Warren Buffett, America's second-richest man after Bill Gates, is teaming up with Quicken Loans to offer $1 billion to anyone who fills out a perfect 2014 Men's NCAA Tournament bracket.
"We've seen a lot of contests offering a million dollars for putting together a good bracket, which got us thinking, what is the perfect bracket worth? We decided a billion dollars seems right for such an impressive feat," Jay Farner, President and Chief Marketing Officer of Quicken Loans, said in a statement.

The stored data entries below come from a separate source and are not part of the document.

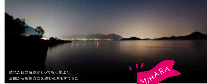
晴れた日の海風がとっても心地よく、公園から糸崎方面を望む夜景もすてきだ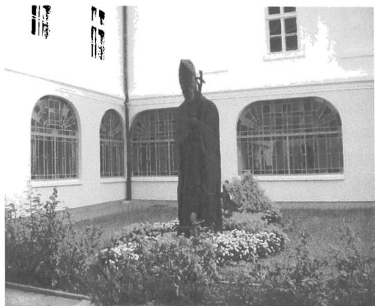
Łakowo, Pomnik Jana Pawła II na dziedzińcu Pałacu Arcybiskupa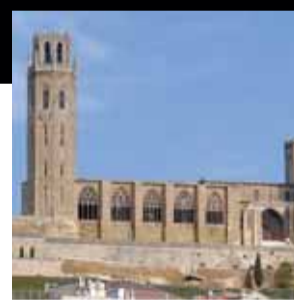
Seu Vella. Lleida (Segrià)

De l'estat de ruïna en què ens arriba als nostres dies a un bé amb restes recuperades, explicades i amb un nou ús com a centre cultural.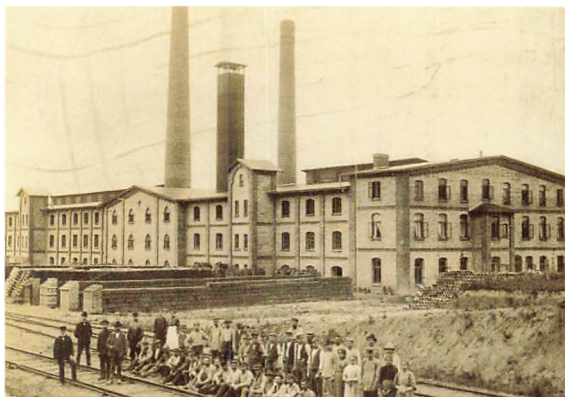
Teglværket ca. 1906-07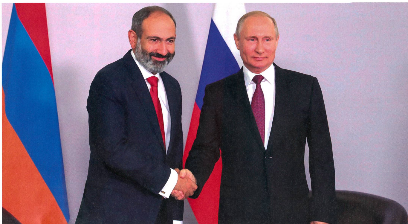
Der armenische Premierminister Nikol Paschinjan und Vladimir Putin.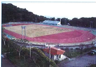
南城市陸上競技場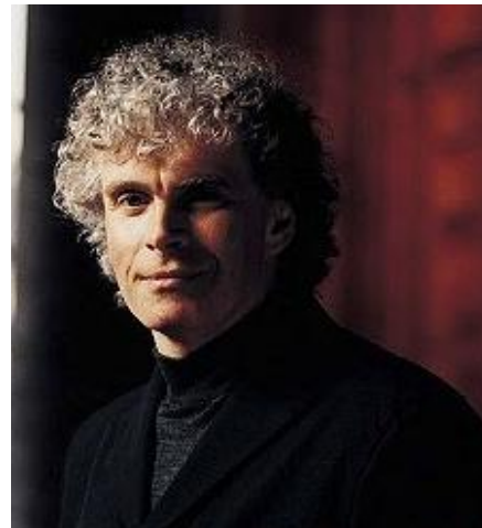
Sir Simon Rattle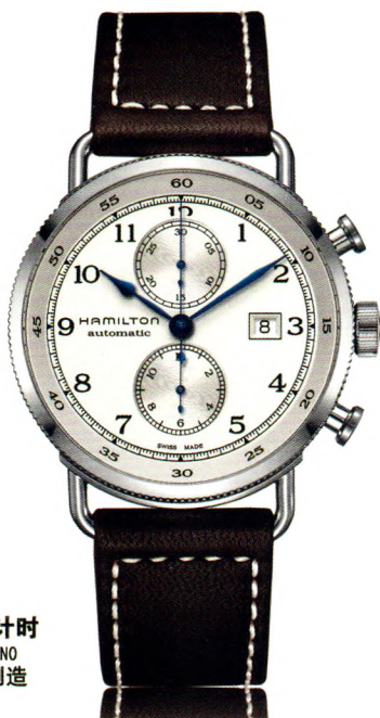
卡其 海军先锋 自动计时 KHAKI NAVY PIONEER AUTOCHRONO 自动机械腕表 瑞士制造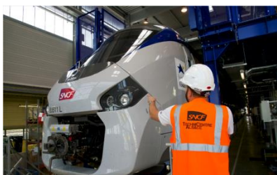
Atelier de maintenance SNCF à Mulhouse

La Région a attribué une subvention de 295 000 € pour réaliser des travaux de remise en état des plafonds des 44 Autorails de Grande Capacité (AGC) affectés au réseau TER en Champagne-Ardenne.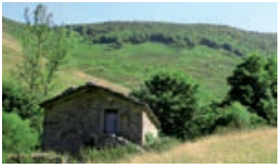
Cabaña pasiega con tejado de lastras de piedra, en el valle de La Sía.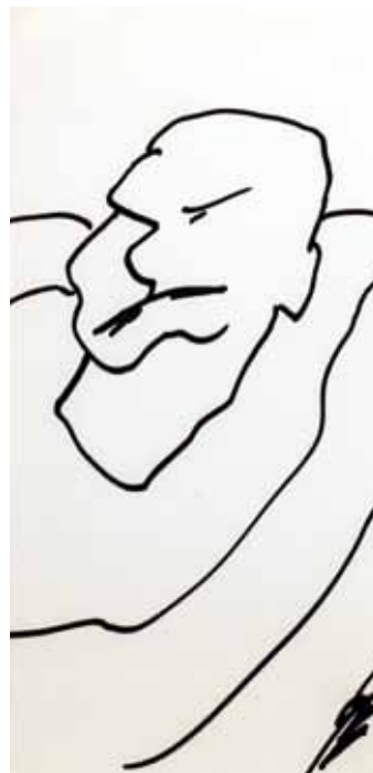
Sans titre 1 pour la suite Pour le marin mort XX e , feutre, 32 x 16.5 cm (feuille) Coll. particulière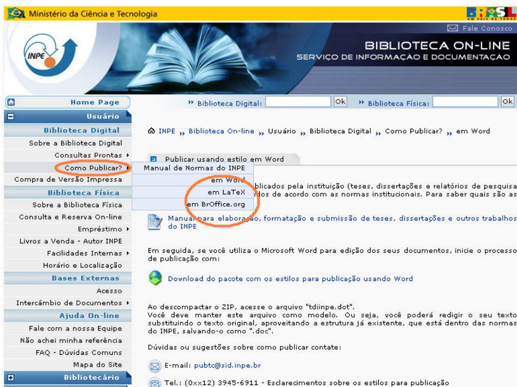
Figura 3 – Página Biblioteca On-line , link “Como publicar?” estilos.

No site, cada editor tem uma página diferenciada, onde se encontram links para o manual, para o estilo elaborado naquele editor e outras informações. Veja Figura 3.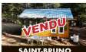
SAINT-BRUNO 18, ch. De la Rivière VENDU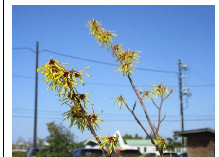
マンサク ビオトープにある早春を代表する黄色い花です。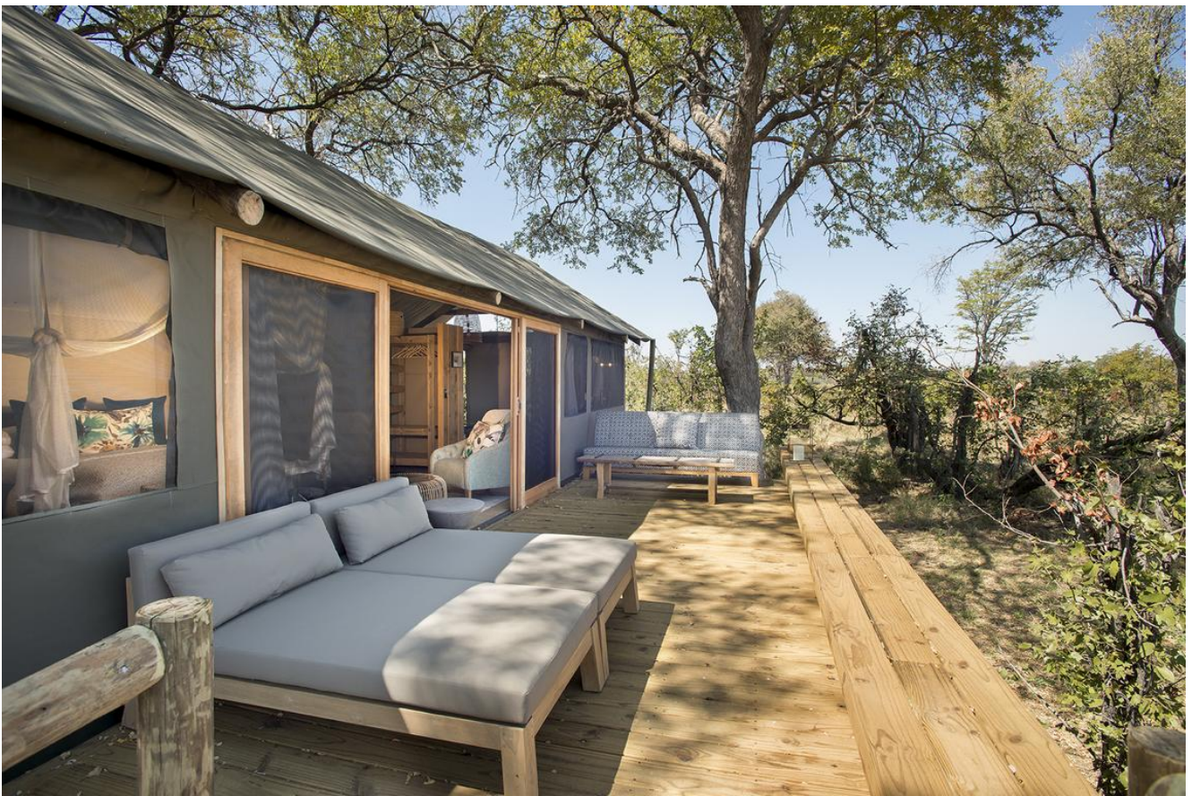
Okavango Delta – Skybeds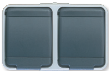
licht-/basaltgrau, ähnlich RAL 7035/7012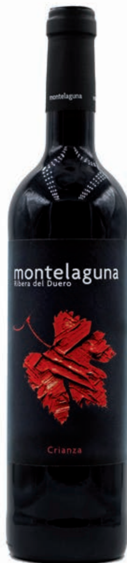
CRianza 2015 12 MESES DE BARRICA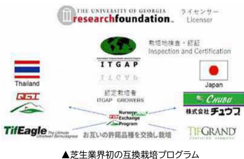
▲芝生業界初の互換栽培プログラム

協会会社、公的機関、海外の芝生先進企業等の外部リソースの経営資源を活用したアライアンスに基づき、チュウブブランドの海外販売を目指しています。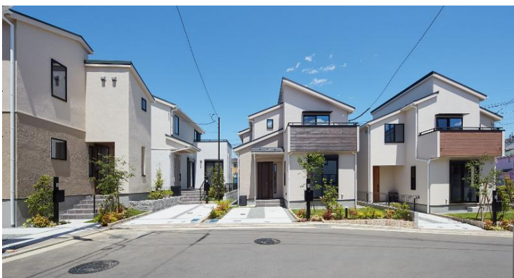
グレースアライフ横浜三ツ境 (外観)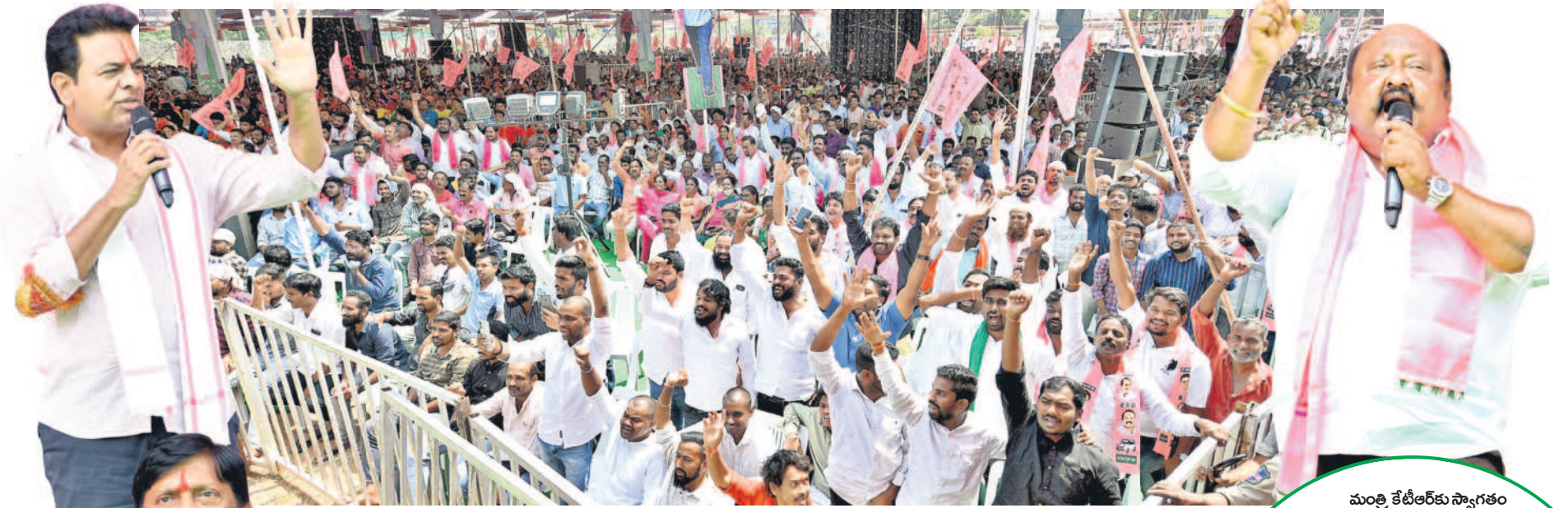
కరీంనగర్: ఆశీర్వాద సభకు సభకు హాజరైన జనం, ప్రసంగిస్తున్న మంత్రి కేటీఆర్, రాష్ట్ర ప్రజాశాసక సంఘం ఉపాధ్యక్షుడు వినోద్ కుమార్, బీఆర్ఎస్ అభ్యర్థి, మంత్రి గంగుల కమలాకర్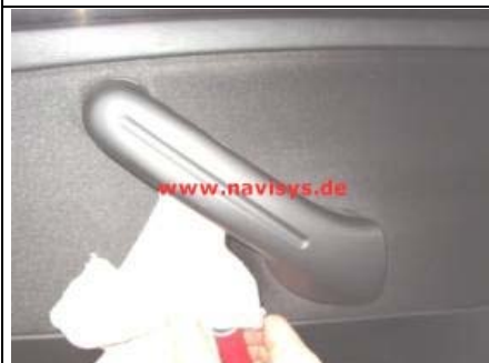
Beifahrertür und Fond-Türen: Die Griffabdeckung mit einem flachen Schraubendreher aushebeln (mit Lappen umwickeln um keine Kratzer oder Druckstellen zu erzeugen)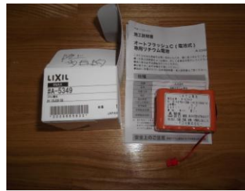
交換用内蔵リチウム電池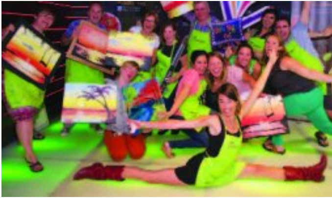
The next Paint Nite at The Collection is on 29 September from 7 to 10 pm. The cost is R550 per p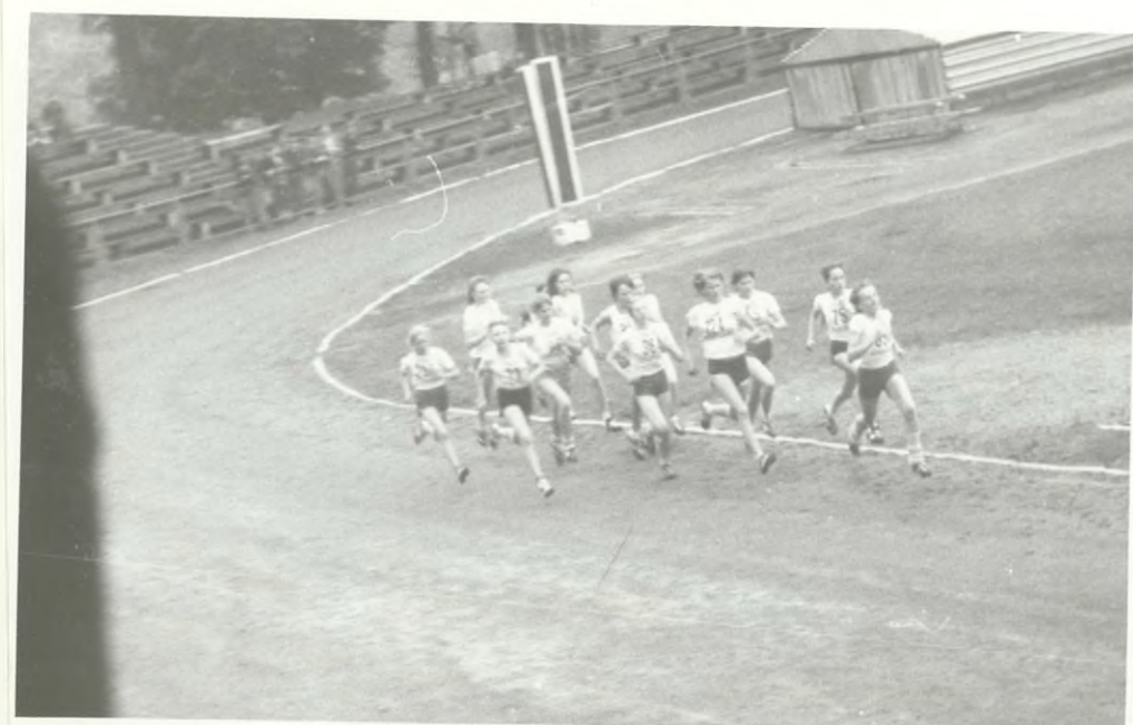
Dziewczęta w czasie biegu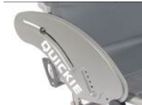
XFF040102 alumiuniowa z ochroną ubrań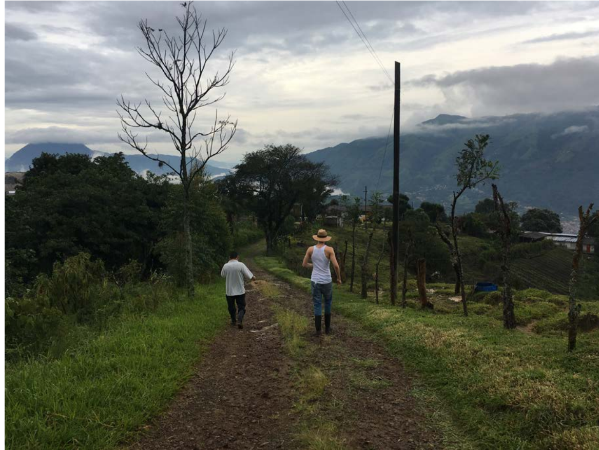
Auf der Farm Guayacanes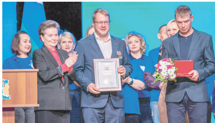
Наталья Комарова вручила государственные награды общественникам, волонтерам и медработникам

ответствующие решения. В 2023 году механизмы комплексного развития территорий будут использовать также Ханты-Мансийск, Путь-Ях, Нягань, Советский и Нижневартовск, - отметила Наталья Комарова.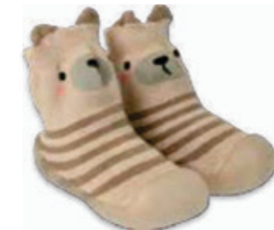
024 002P020 NIECHODKI 20, 22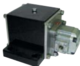
NHG 500 L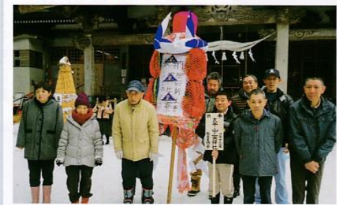
無事に奉納してきました。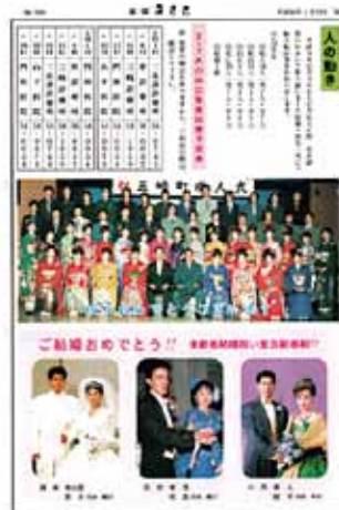
▲広報みさき200号（平成10年1月号） 現在まで続く健康マラソンの様子が表紙に。その他、成人式の様子などが掲載されていました。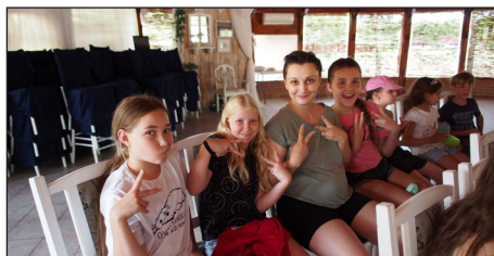
Korosztályok szerint négy csoportban tanulmányozták a napi igei történeteket.

„Isten Igéje”- téma köré rendeződtek. Sok jó, illetve fontos kérdés, hozzászólás érkezett a gyermekektől, amelyeknek kifejezetten örültünk. Nagyon szeretnénk, hogy az Úr személye és a megváltás is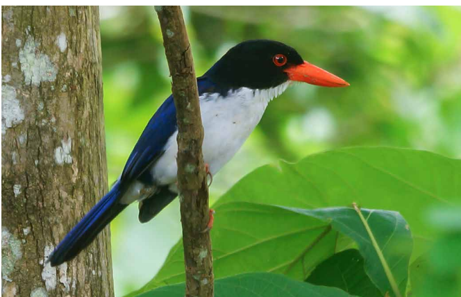
Glitzerlied - ein Vertreter der Vogelwelt auf Flores

Wir fahren in das kleine Dorf Melo, wo wir von Angehörigen des Menggarai-Volkes erwartet werden und Einblick in ihre Kultur erhalten. Auf dem Rückweg nach Labuan Bajo lernen wir im Dorf Rumah Tenun die Kunst der Ikat-Herstellung kennen, die traditionellen Webarbeiten die typisch sind für die indonesischen Inseln. Jede Region hat ihre eigenen Muster. Bevor wir zum Hotel zurückkehren, erkunden wir die Spiegelhöhle, deren Steine durch den Lichteinfall wie Spiegel glänzen.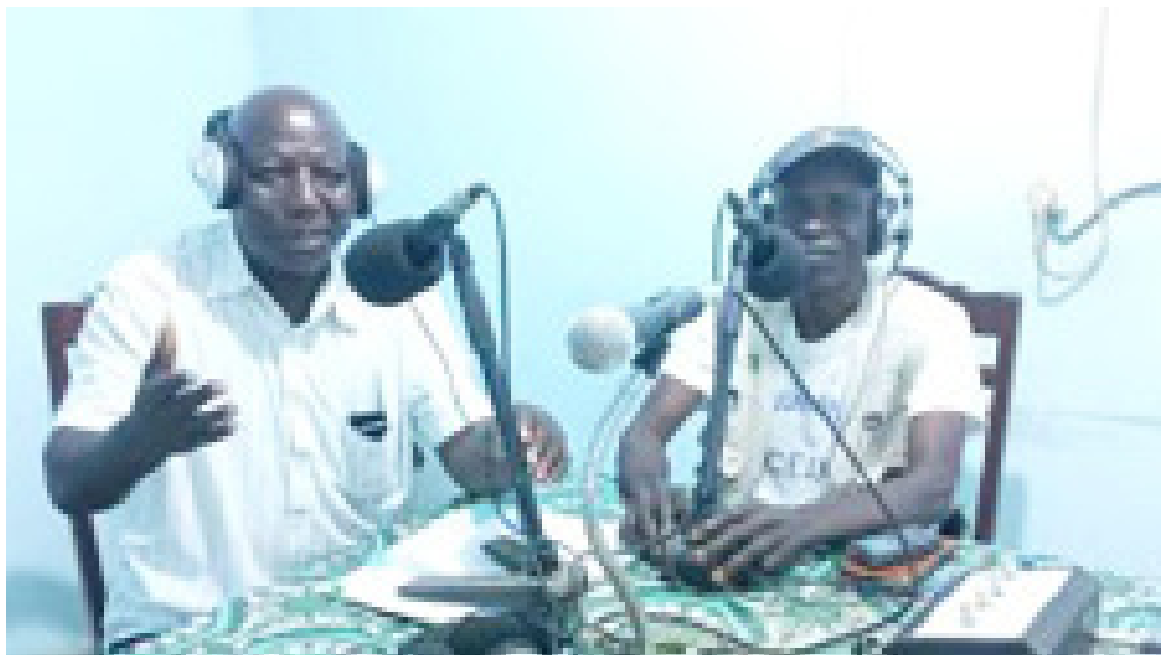
Vue partielle du studio de la radio communautaire de Mindouli/Adiac

À partir de ses studios à Mindouli, elle diffuse ses programmes en français, en lari et lingala, couvrant par ses ondes un rayon estimé à 60 km aux alentours. Cette estimation a été élaborée à la suite de l'interprétation d'un récent rapport d'écoute. Il ressort que la carte de l'auditoire de la RCM s'étend dans toute l'étendue du district de Mindouli, des départements de la Bouenza, de la Lékoumou, des localités de Kimba ; Vindza et Mayama, dans le département du Djoué Léfini. Lors de la réception de la presse,

You know why a lot of contests offer a million dollars for putting together a good bracket? Because it's nearly impossible. And putting together a perfect bracket is impossible. There are 64 teams in the tournament. That means 63 games, because one team doesn't lose. That means the possible number of outcomes is two to the power of 63, which equals 9.2 quintillion possible outcomes. Unless you have access to some advanced sabermetrics and a heck of a lot of free time, you basically have a one in 9.2 quintillion chance of winning. (If you really know your stuff, you could reduce the odds to something like one in 128 billion, accorinding to DePaul professor Jeff Bergen, who explains this in a really cool YouTube video called Odds of a perfect NCAA Basketball Bracket.)
To be sure, $100,000 be awarded to the contest's 20 most accurate "imperfect" brackets. But considering that it can take all evening to fill out a bracket, and since time is money, you're probably better off taking a stroll down to the corner store and blowing $2 on Powerball.
So Warren Buffett and Quicken Loans will have to shell out a few hundred grand for good PR. What else Quicken Loans get out of this? We don't know. But we'll leave you with this extract from a story in Computerworld: "We were starting to focus on big data derived from social media — Twitter, Facebook, Web tracking, Web chats" — a massive amount of unstructured data, explains [Quicken Loans] CIO Linglong He. "How to store that data is important because it has an impact on strategy — not just in storage and architecture strategy, but how to synchronize [that with structured data] and make it more impactful for the company."
Billionaires aren't billionaires because they give away money.